Albert III the Pious of Bavaria-Munich (German: Albrecht III. der Fromme, Herzog von Bayern-München), (27 March 1401–29 February 1460). Albert was born in Munich to Ernest, Duke of Bavaria and Elisabetta Visconti, daughter of Bernabò Visconti. He was elected to the position of Duke of Bavaria-Munich in 1438. Albert secretly married Agnes Bernauer from Augsburg. His father, being against the marriage because the bride was a commoner, arranged for Agnes to be accused of witchcraft and thrown into the River Danube. Nevertheless, Albert later reconciled with his father and remarried princess Anna of Brunswick-Grubenhagen-Einbeck and had ten children with her. In 1455 Albert founded the Benedictine monastery in Andechs where he is buried.
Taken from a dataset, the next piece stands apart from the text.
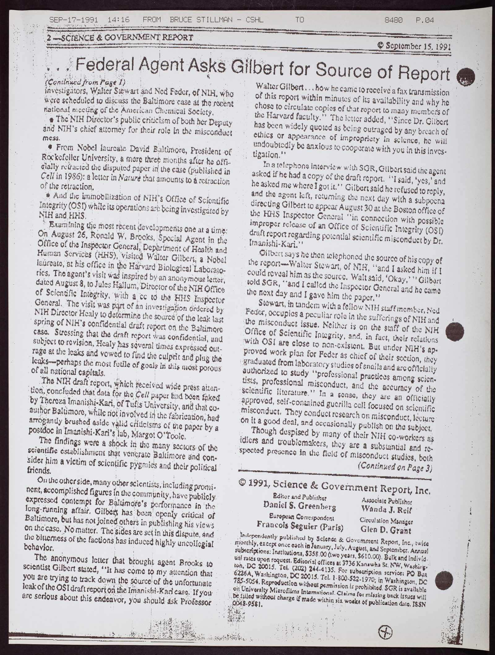 Fax from Jesse Ausubel to James D. Watson regarding David Baltimore Case
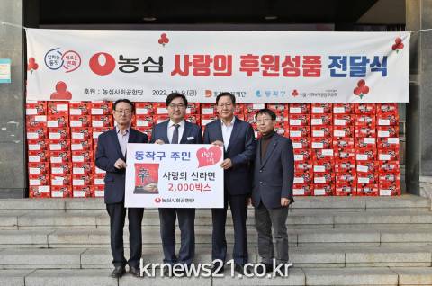 농심 홍보 담당자는 “매년 겨울철이 되면 주변 이웃들을 위한 사랑 나눔에 나서고 있다”며 “농심 임직원들의 마음을 담은 라면이 추위를 이겨내는 데 조금이나마 힘이 됐으면 좋겠다”고 밝혔다.

Between 1738 and 1774, the medallist Andreas Schega made a series of 17 portrait medals of Bavarian rulers, with images of the rulers on the obverse and a legend highlighting their accomplishments on the reverse. Interestingly, the fact that although this medal was engraved some three hundred years after the death of Albert (Albrecht) III, Schega chose to feature on the reverse legend the fact that under Albert’s leadership the Jews (and pirates) were driven out of Bohemia. This expulsion occurred between 1432 and 1442, during which time, with the instigation of the clergy, Duke Albert III succeeded in having all the Jews of Upper and Lower Bavaria expelled. To complete the act, the synagogue in Munich was taken over and subsequently converted into a church. Notably, the Jews continued to be excluded from Bavaria and Munich for almost three centuries thereafter. At that point, in the eighteenth century, during the Austrian occupation, the Jews were permitted to return only to be periodically persecuted and expelled again until more recently, during the Nazi period of the 1930s and 1940s, most were either expelled, forced into labor camps or systematically gathered up en masse and murdered.

* Most sources put Albert’s birth at 1401.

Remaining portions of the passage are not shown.